En verdad, las instalaciones de la quinta eran usadas por las estudiantes secundarias como campo de deportes. Las chicas se calzaban los bombachones negros, que eran como pantalones cortos, pero absurdos, y salían al parque a trotar, hacer calistenia y jugar al voley y pelota al cesto bajo la atenta mirada del General.

Pero Perón hacía algo más que mirar: almorzaba con ellas, les daba consejos y les contaba anécdotas. Y tan contento estaba con las chicas deportistas que invitó a Gina Lollobrígida a que viera cómo hacían gimnasia y se mantenían sanas y fuertes. Quería que se lo contara al mundo.

A Perón le gustaba ese tipo de cosas, como hablar para el mundo o juntarse con actrices y deportistas, y una vez invitó a la quinta al boxeador Archie Moore, un negro gigantesco, campeón mundial de los semipesados, pero no para ver a las chicas: entre los gorilas rápidamente circuló la versión de que el negro y Perón habían tenido relaciones sexuales.

Curiosamente, no decían eso de la Lollobrígida. Lo que Perón le había hecho a la Gina Lollobrígida fue sacarle una foto con rayos equis, aprovechando que todas las prendas de la actriz eran de nailon, hasta la bombacha.

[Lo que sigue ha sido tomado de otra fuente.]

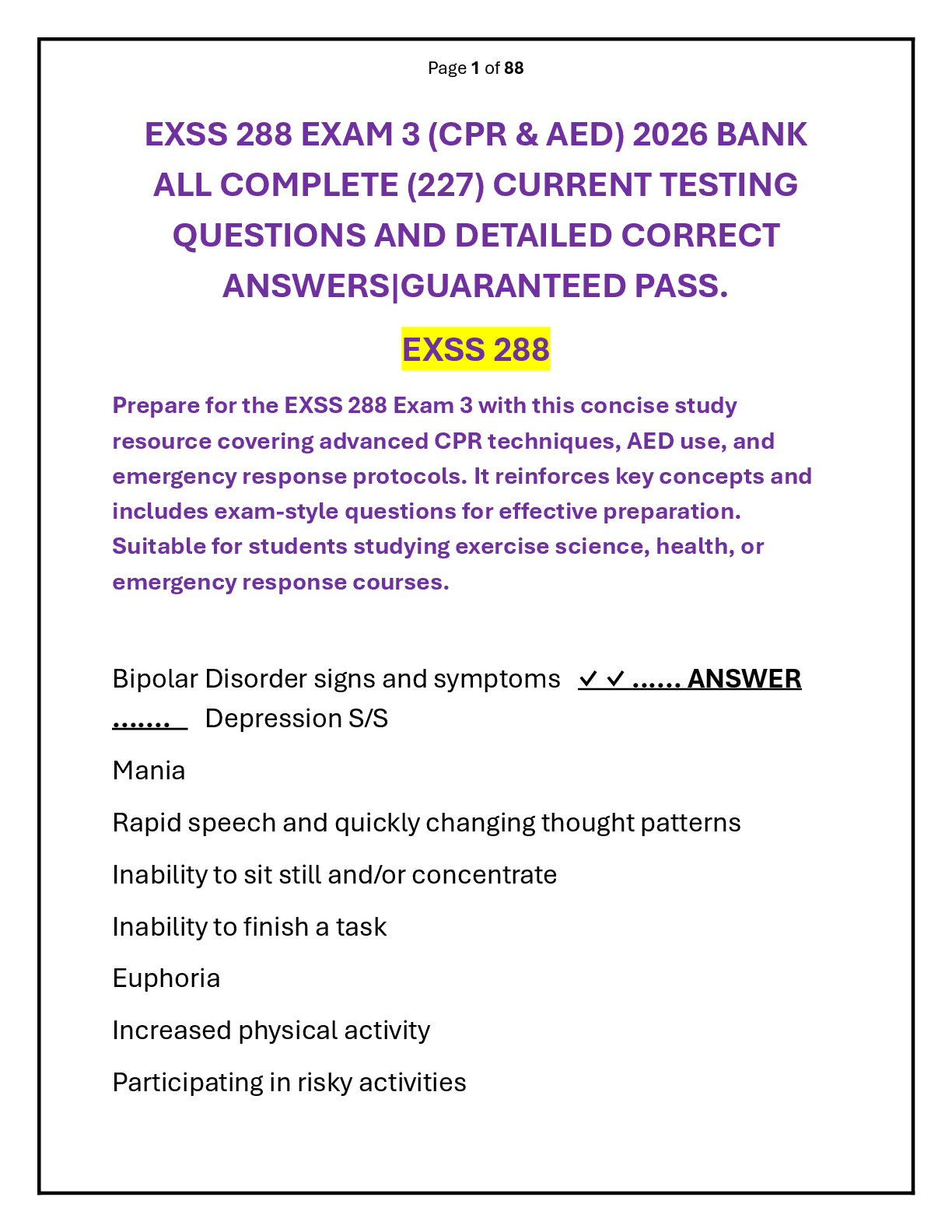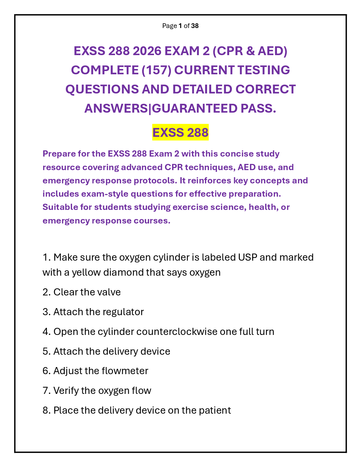Medical Studies > QUESTIONS & ANSWERS > EXSS 288 2026 EXAM 1 (CPR & AED) QUESTION AND ANSWER

El nailon era un invento reciente, prácticamente desconocido para nosotros, porque no se podía importar nada si no se tenía un permiso de importación, así que lo poco que había de nailon era traído de contrabando desde Montevideo. Y como era desconocido, resultaba misterioso, de ahí que nadie dudara de que la actriz, sorprendida en su buena fe, hubiera sido sometida a una sesión fotográfica porno en momentos en que creía asistir a una reunión con las chicas deportistas.

Algo extraño ocurría con Perón: todos —gorilas, no gorilas y peronistas— lo creían capaz de cualquier cosa, desde encamarse con el campeón mundial de los semipesados hasta corretear a las estudiantes de liceo en el parque de la quinta de Olivos o inventar una máquina de rayos para fotografiar las tetas de Gina Lollobrígida.

Lo que más me llamaba la atención era que a los peronistas, todo esto les importaba un comino y, llegado el caso, hasta se jactaban de las dudosas hazañas de su líder. Por eso, cuando el Mudo, acodado en el mostrador junto al Pelado y Carlitos Culaciati, gritó: “¡De Santis! Vos que tenés influencia con el que te dije ¿por qué no nos conseguís una foto de la Lollobrigida?”, y todos rieron, menos yo, y Friedman, y De Santis se alzó de hombros y siguió caminando hasta la mesa de la ventana, sin jactarse de las hazañas de Perón, comprendí que De Santis no era peronista.